[Opening Records for processing section]

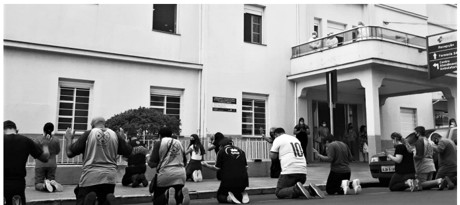
En af gruppe af religiøse fra forskellige kirker beder foran hospitalet

Til disse pressekonferencer inviterede vi alle kristne kirker til at deltage i en fællesbøn, hvor vi bad Gud om hjælp til at stoppe den frygtelige pandemi. I en måned kom kirkens folk to eller tre gange om ugen og stod foran hospitalet for at bede. Kraften i bønner har lettet vores træthed og givet os mere mod, styrke og over alt andet: tro. Vi tror, at Gud hører skrigene fra hans folk og vil stoppe denne pandemi, som påvirker hele menneskeheden og ødelægger liv over hele verden.
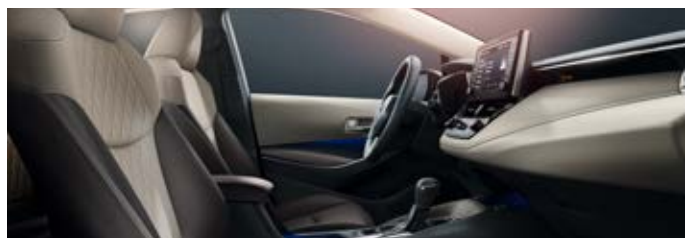
Világos szövet ülésborítás (FB00) A képeken Executive felszereltség látható.
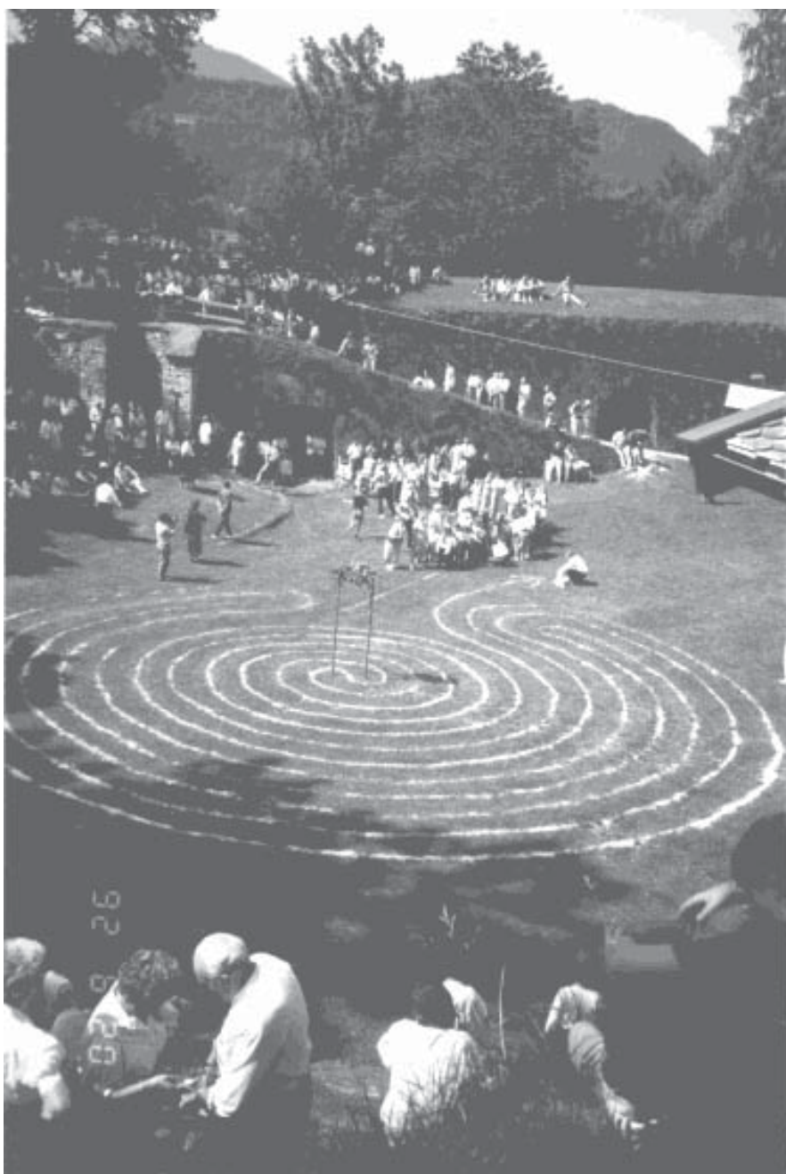
Der Wunderkreis gehörte auf der Kufsteiner Burg zu den Höhepunkten des Schulfestes
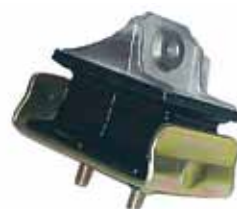
SPRINTER Soporte Motor Delantero (6902427113)
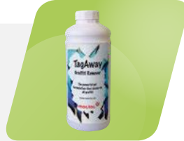
EB8910002 6 X 1 L/CAJA

Mactac TagAway es un líquido diseñado para eliminar los grafitis y la pintura de spray de forma efectiva de los materiales autoadhesivos aplicados. Disponible en botellas de 1 litro.
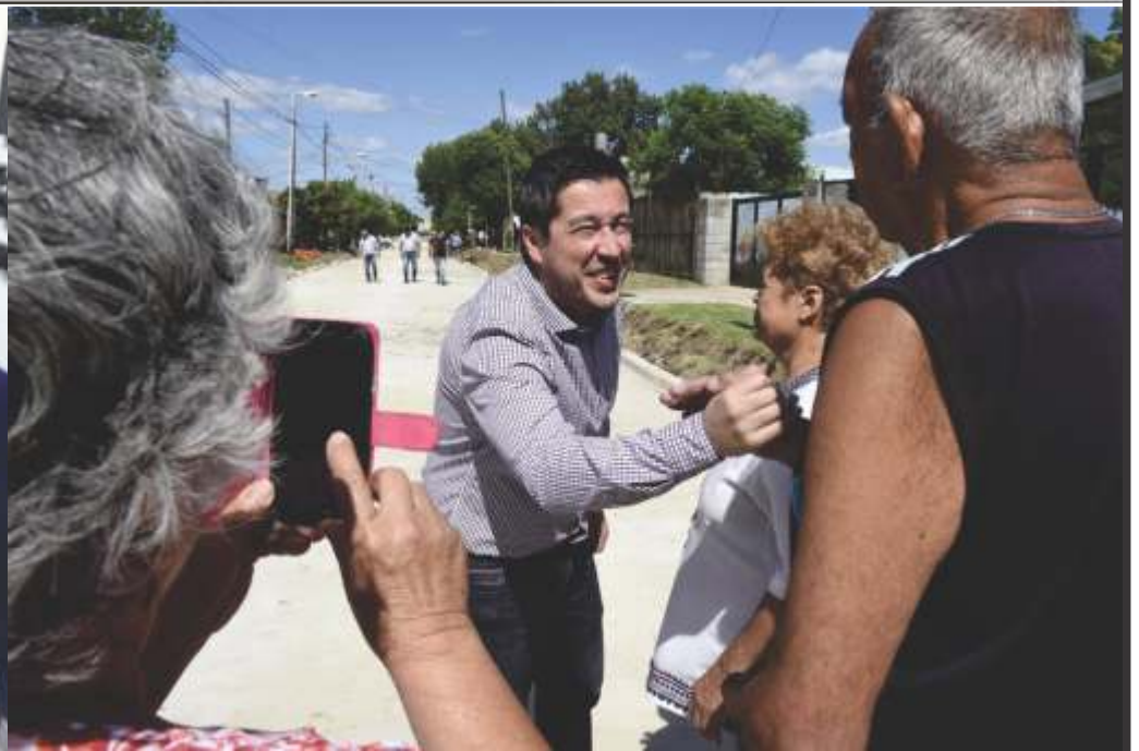
MALVINAS ARGENTINAS AVANZA EN OBRAS DE PAVIMENTO E HIDRÁULICA EN LA GESTIÓN NARDINI
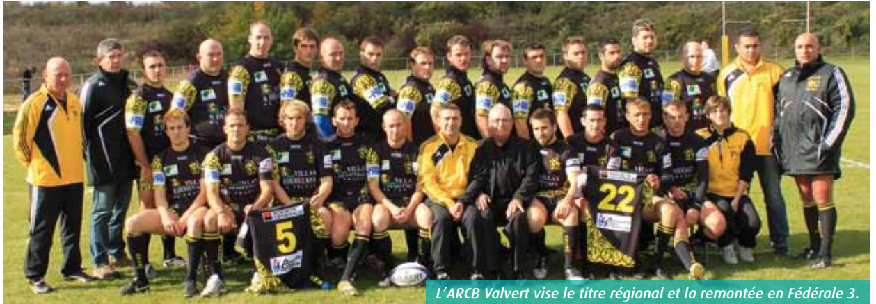
L'ARCB Valvert vise le titre régional et la remontée en Fédérale 3.

Deuxième de son championnat, l'ARCB Valvert affrontera dimanche Aytré pour la troisième fois en quinze jours. Avec pour horizon la finale régionale à Rebeilleau, préambule à une entrée en phases finales nationales.
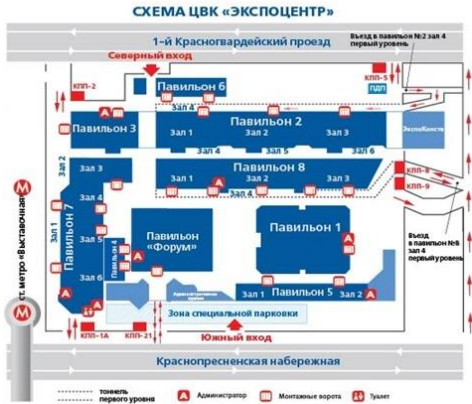
СХЕМА ЗОНЫ СПЕЦИАЛЬНОЙ ПАРКОВКИ
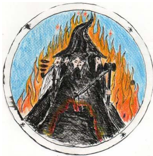
Rajz: Dolgulduri betyárok (TLV)

Az is közrejátszhat a dologban, hogy Tolkien maga határozott elveket vallott, és nem hiszem, hogy az árnyalt, valóságghú karakterekre akarta helyezni a hangsúlyt – leveleiben sokszor kifejti, hogy munkáinak legfőbb célja a morális üzenet közvetítése.
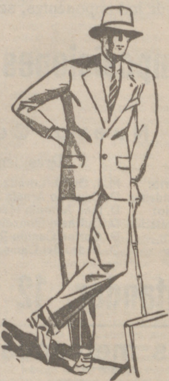
Trejes de paño, confección fina, de 50, 60, 70, 80, 100 y 125 ptas.
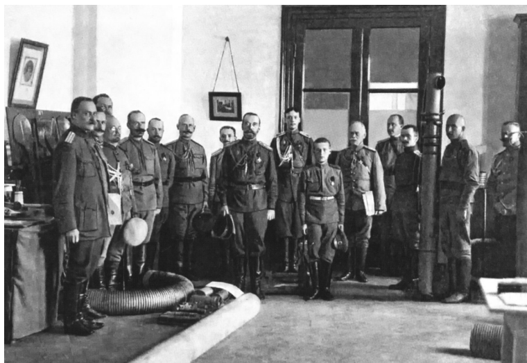
В Царской Ставке в Могилёве. Октябрь 1916 г.
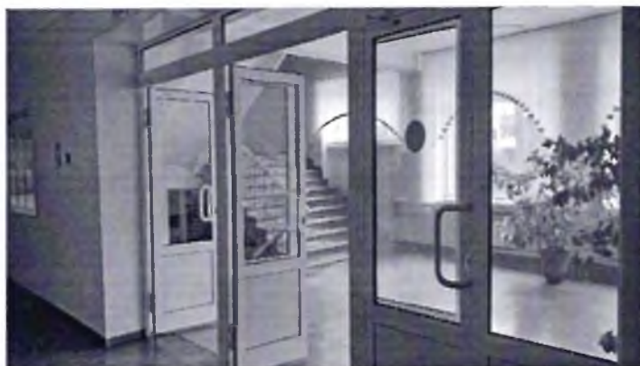
Фото № 19
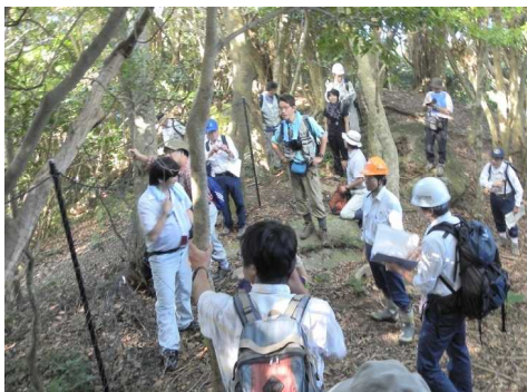
シカ被害現地調査の様子
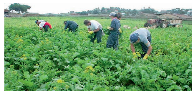
Lavoratori agricoli nei campi

Questo secondo Luchetta non esclude revisioni sulla modalità di erogazione dei contributi: «Pensiamo piuttosto a valorizzare chi dà lavoro, non diamo i soldi a un tot a ettaro. Premiamo chi
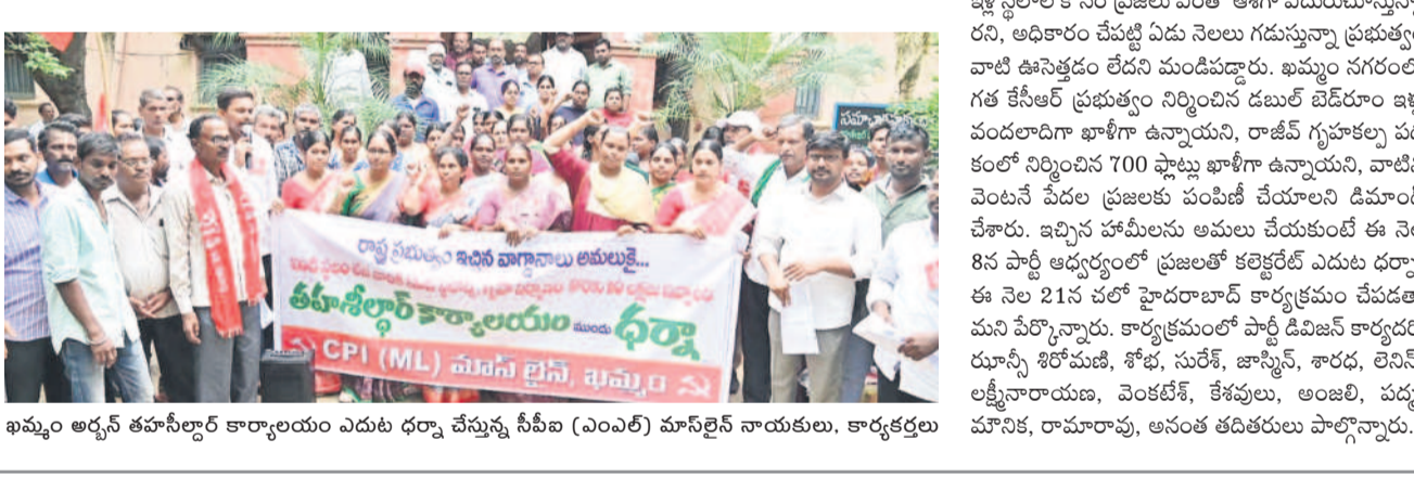
ఖమ్మం అధ్యక్ష తహసీల్దార్ కార్యాలయం ఎదుట ధర్మా చేస్తున్న సీపీఐ (ఎంఎల్) మూన్ లైన్ నాయకులు, కార్యకర్తలు

[Closing Records for processing section]

** Problem statement **
Among the lines above, return each one holding the string "kirker".

** Written response **
En af gruppe af religiøse fra forskellige kirker beder foran hospitalet
Til disse pressekonferencer inviterede vi alle kristne kirker til at deltage i en fællesbøn, hvor vi bad Gud om hjælp til at stoppe den frygtelige pandemi. I en måned kom kirkens folk to eller tre gange om ugen og stod foran hospitalet for at bede. Kraften i bønner har lettet vores træthed og givet os mere mod, styrke og over alt andet: tro. Vi tror, at Gud hører skrigene fra hans folk og vil stoppe denne pandemi, som påvirker hele menneskeheden og ødelægger liv over hele verden.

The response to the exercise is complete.